Biography Mr. Laurents was fairly well established as a playwright — having scored critical plaudits with his 1945 Broadway debut, Home of the Brave, and a popular success with the 1952 Shirley Booth vehicle The Time of the Cuckoo — when he was asked, in quick succession, by Jerome Robbins to provide the librettos to two early efforts by Stephen Sondheim, who was then only recognized as a lyricist.

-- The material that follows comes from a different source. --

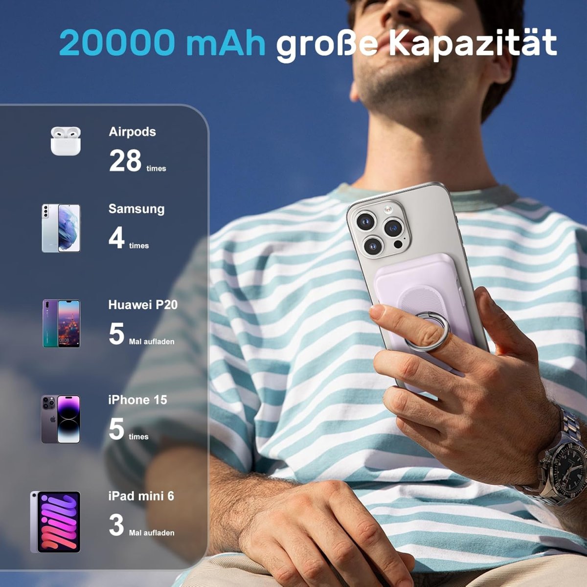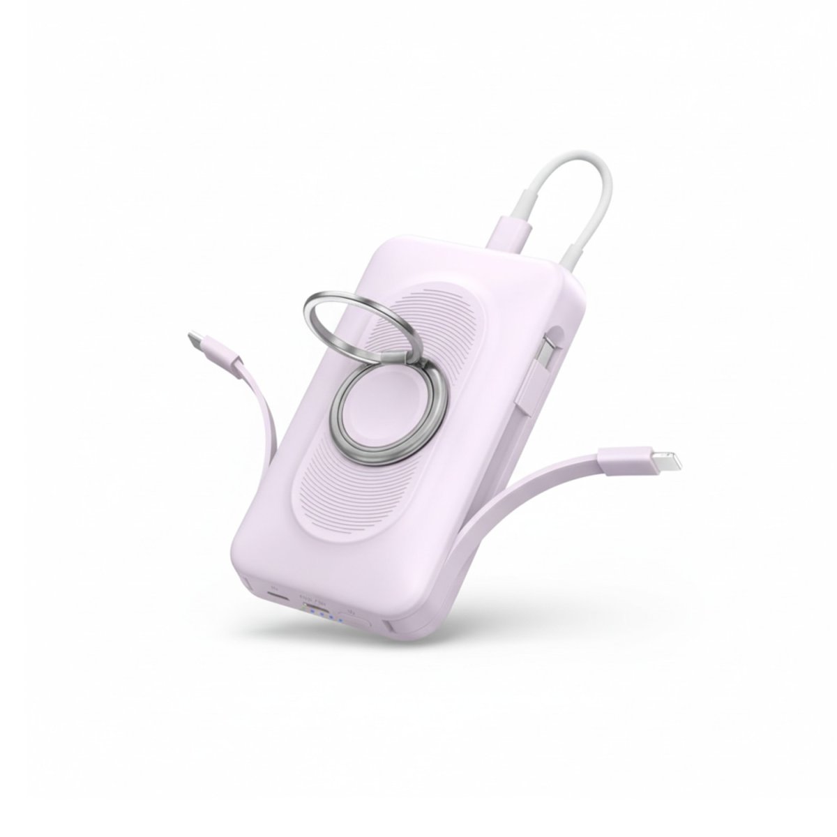 Équipée d’un anneau-support pratique, notre batterie portable multifonction peut être tenue facilement à la main ou utilisée comme support d’appareil. Ce dispositif permet de poser votre smartphone en position idéale pour un visionnage confortable de vos vidéos, appels visio ou activités multimédia. Une solution qui allie ergonomie, confort et praticité.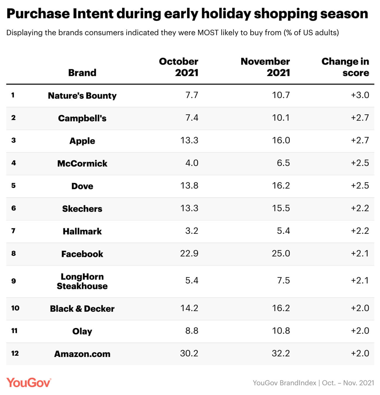 “Ultimately, YouGov Safe helps us understand not just what consumers say they do, but what they are actually doing online,” says Hamish Brocklebank, managing director of YouGov Safe. “Since everyone has such different tastes for gift-giving, it makes sense that the most frequent individual items purchased on Amazon during the holiday period were gift cards and big brand food items.”

West Side Story placed him in collaboration not only with Sondheim, but Leonard Bernstein, on a show that would become a benchmark in mature musical theatre expression, not to mention a pinnacle in musical and choreographic achievement. It was Robbins who first approached Bernstein and Mr. Laurents about doing a modern musical version of Romeo and Juliet. Mr. Laurents and Bernstein, inspired by accounts of race riots in Los Angeles, later hatched the idea of making the story be about to rival youth gangs, one white, one Puerto Rican, in the New York City slums. Receiving nearly equal praise to Bernstein and Robbins' contributions was Mr. Laurents' tightly constructed, realistic, yet romantic text about the motivations and personal trials of two warring youth gangs — an unusual state of affairs in the musical theatre, where librettos were typically either discounted or ridiculed by critics. Though the West Side Story tale is essentially street melodrama, the details in Mr. Laurents libretto fleshed out the characters in crafty, subtle, economical ways. For example, you learn a great deal about virginal Maria in one sentence by Mr. Laurents: She's frustrated that she's made to wear a white dress, a color fit for "babies."
Gypsy bowed on Broadway only two years later, teaming Mr. Laurents again with Sondheim and Robbins, as well as composer Jule Styne and star Ethel Merman. According to Mr. Laurents, Robbins insisted he write the book to a musical adaptation of stripper Gypsy Rose Lee's autobiography. After mulling the property for a while, the writer decided the show should focus not on Lee but on her mother. With a dry eye, the writer tracked the gradual rise and steep, steady fall of Mama Rose, a voracious stage mother whose two daughters are sacrificed to her undying ambition. Many musical historians consider the trenchant libretto the best ever written, the often shattering dramatic scenes easily the equal of the soaring songs.